▸ **Directions for this task**
Output each entry below as it stands, leaving out every picture.

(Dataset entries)
= Beginning of Section =

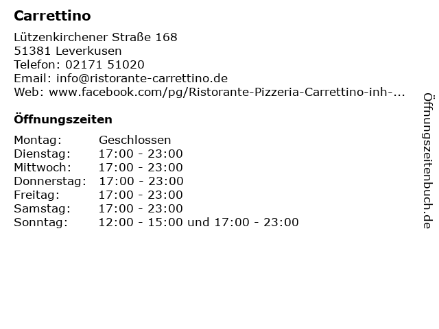 ᐅ Offnungszeiten Carrettino Lutzenkirchener Strasse 168 In Leverkusen
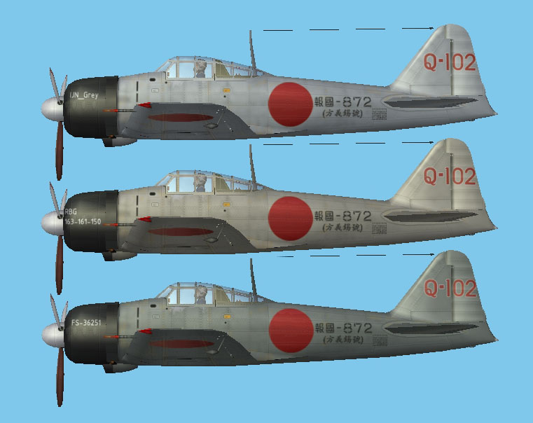 Ну по поводу отсутствия стандартов это конечно лажа, стандарты были у всех. И в частях самолеты тоже не красили по своему усмотрению. Вот то что в процессе войны у японцев с красками становилось все хуже - это факт. И пигментов не хватало и качество их значительно ухудшалось. Именно поэтому в 44-45 годах самолеты такие облезлые. А для скинов оттенками лучше с помощью визиринга поиграть - один борт сделать почище, другой попотрепаннее.
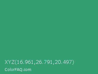 XYZ 16.961,26.791,20.497 Color is a normal green color and the nearest color is Illuminating Emerald #319177. Hex code #359f73 and RGB value is rgb(53,159,115). In RGB color space, this color is composed of 21% red, 62% green, 45% blue, In CMYK color space, this color is composed of 67% cyan, 0% magenta, 28% yellow , 38% black , In HSL color space, this color has a hue angle of 155° , 50% saturation and 42% lightness.
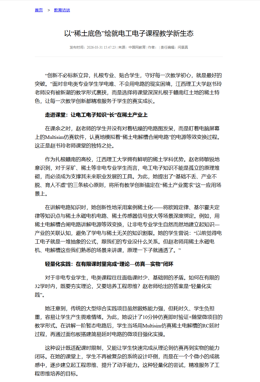 在江西理工大学的教学园地里,赵书玲老师用她的实践证明:当教学创新深深扎根于专业土壤,紧密贴合学生实际,即使是最传统的电工电子课程,也能焕发出独特而持久的生命力。她的目标从来不是做多么炫酷的教学创新,而是让学生通过这门课,既能掌握专业技能,又能读懂学校的稀土情怀,这就是她要守住的育人初心。(许明智)
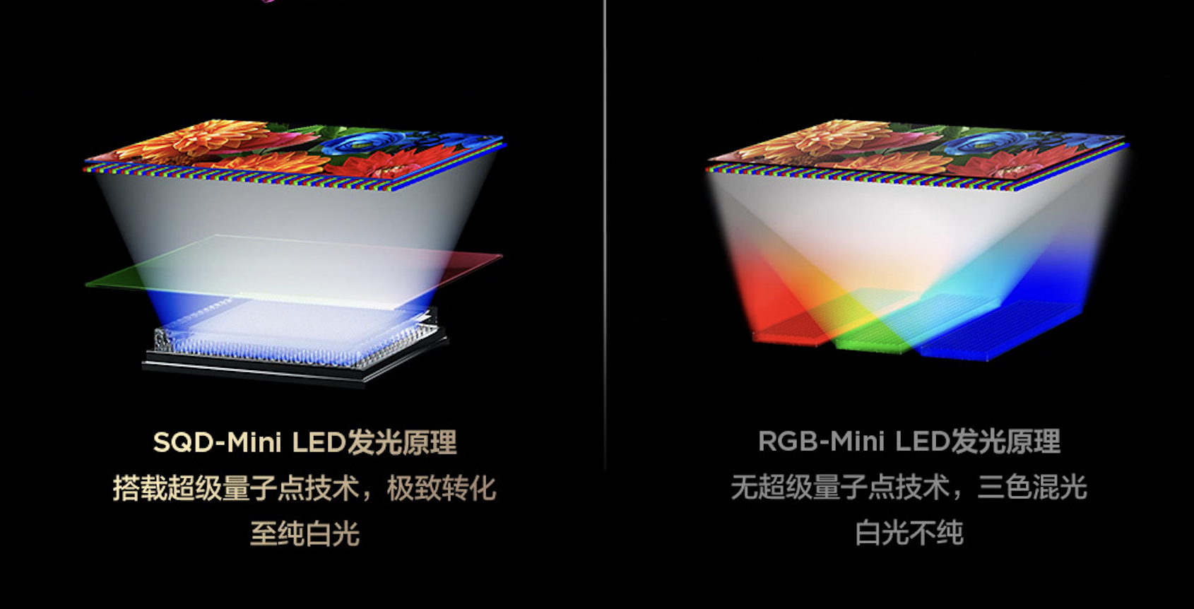 尤其是当下已成客厅标配的Mini LED电视,技术路线早已彻底分化,其中SQD和RGB作为两大主流阵营,更是让不少人在选择时犯了难。今天咱们直接从“护眼”和“画质”这两个大家最关心的核心维度,把这两条技术路线的差异讲得明白,看完这篇再也不用为选电视发愁。
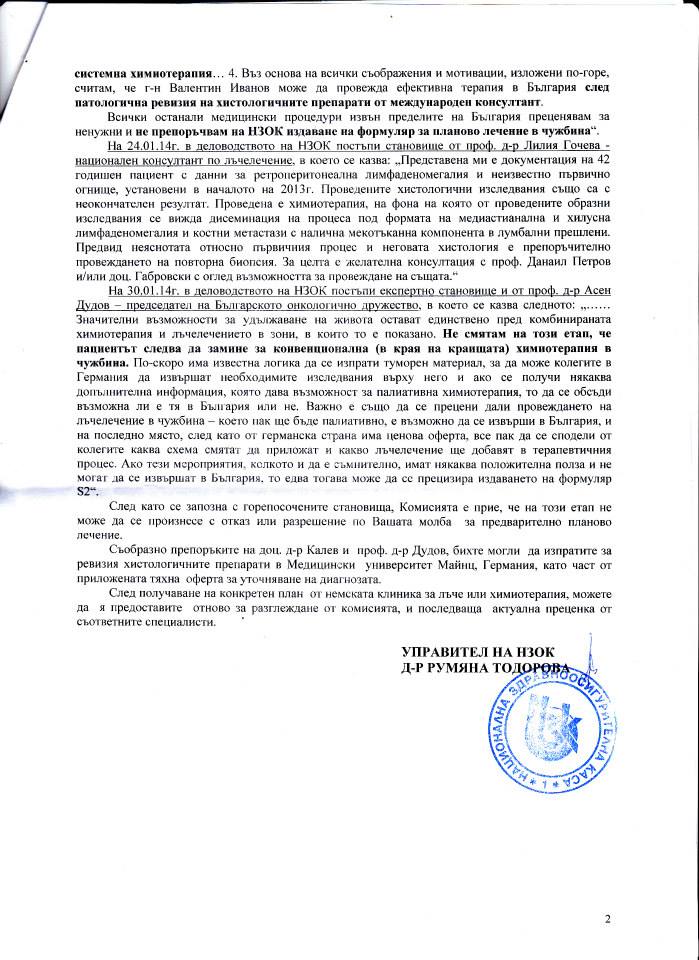 Ето ни отново.Срещата мина чудесно,обсъдихме ситуацията,оставихме материалите от двете операции за нови хистохимични изследвания.Вальо даде и много кръв за различни изследвания.Ще бъдат направени и тестове за каква химиотерапия ще бъде най-податлив и какво лечение ще бъде най-подходящо.Това в България не беше възможно да се случи.Резултатите ще бъдат готови началото на другата седмица и във вторник 14 часа сме отново при доктора.В зависимост от резултатите ще мислят и казват какво ще правим след това.Най-вероятно ще има нов PET-скенер,които да даде актуална информация за положението в момента.Направиха и бързи кръвни изследвания днес,резултатите са задоволителни предвид скорошната химиотерапия.Поставихме началото,сега изчакваме резултатите и действия....
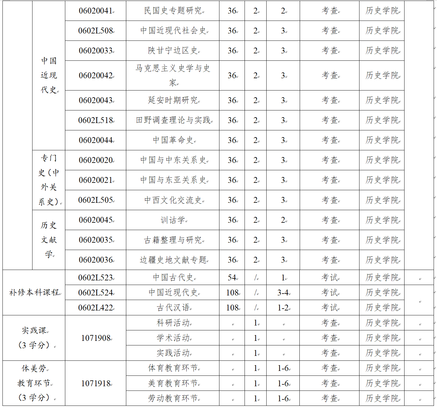 中国史专业研究生应参加实践活动,由导师或院系研究生管理人员负责考核,考核合格后获得 1 个学分。主要形式有:

= End of Section =

▸ **Finished exercise**
 ᐅ Offnungszeiten Carrettino Lutzenkirchener Strasse 168 In Leverkusen
 Ну по поводу отсутствия стандартов это конечно лажа, стандарты были у всех. И в частях самолеты тоже не красили по своему усмотрению. Вот то что в процессе войны у японцев с красками становилось все хуже - это факт. И пигментов не хватало и качество их значительно ухудшалось. Именно поэтому в 44-45 годах самолеты такие облезлые. А для скинов оттенками лучше с помощью визиринга поиграть - один борт сделать почище, другой попотрепаннее.
 XYZ 16.961,26.791,20.497 Color is a normal green color and the nearest color is Illuminating Emerald #319177. Hex code #359f73 and RGB value is rgb(53,159,115). In RGB color space, this color is composed of 21% red, 62% green, 45% blue, In CMYK color space, this color is composed of 67% cyan, 0% magenta, 28% yellow , 38% black , In HSL color space, this color has a hue angle of 155° , 50% saturation and 42% lightness.
 在江西理工大学的教学园地里,赵书玲老师用她的实践证明:当教学创新深深扎根于专业土壤,紧密贴合学生实际,即使是最传统的电工电子课程,也能焕发出独特而持久的生命力。她的目标从来不是做多么炫酷的教学创新,而是让学生通过这门课,既能掌握专业技能,又能读懂学校的稀土情怀,这就是她要守住的育人初心。(许明智)
 尤其是当下已成客厅标配的Mini LED电视,技术路线早已彻底分化,其中SQD和RGB作为两大主流阵营,更是让不少人在选择时犯了难。今天咱们直接从“护眼”和“画质”这两个大家最关心的核心维度,把这两条技术路线的差异讲得明白,看完这篇再也不用为选电视发愁。
 Ето ни отново.Срещата мина чудесно,обсъдихме ситуацията,оставихме материалите от двете операции за нови хистохимични изследвания.Вальо даде и много кръв за различни изследвания.Ще бъдат направени и тестове за каква химиотерапия ще бъде най-податлив и какво лечение ще бъде най-подходящо.Това в България не беше възможно да се случи.Резултатите ще бъдат готови началото на другата седмица и във вторник 14 часа сме отново при доктора.В зависимост от резултатите ще мислят и казват какво ще правим след това.Най-вероятно ще има нов PET-скенер,които да даде актуална информация за положението в момента.Направиха и бързи кръвни изследвания днес,резултатите са задоволителни предвид скорошната химиотерапия.Поставихме началото,сега изчакваме резултатите и действия....
 中国史专业研究生应参加实践活动,由导师或院系研究生管理人员负责考核,考核合格后获得 1 个学分。主要形式有:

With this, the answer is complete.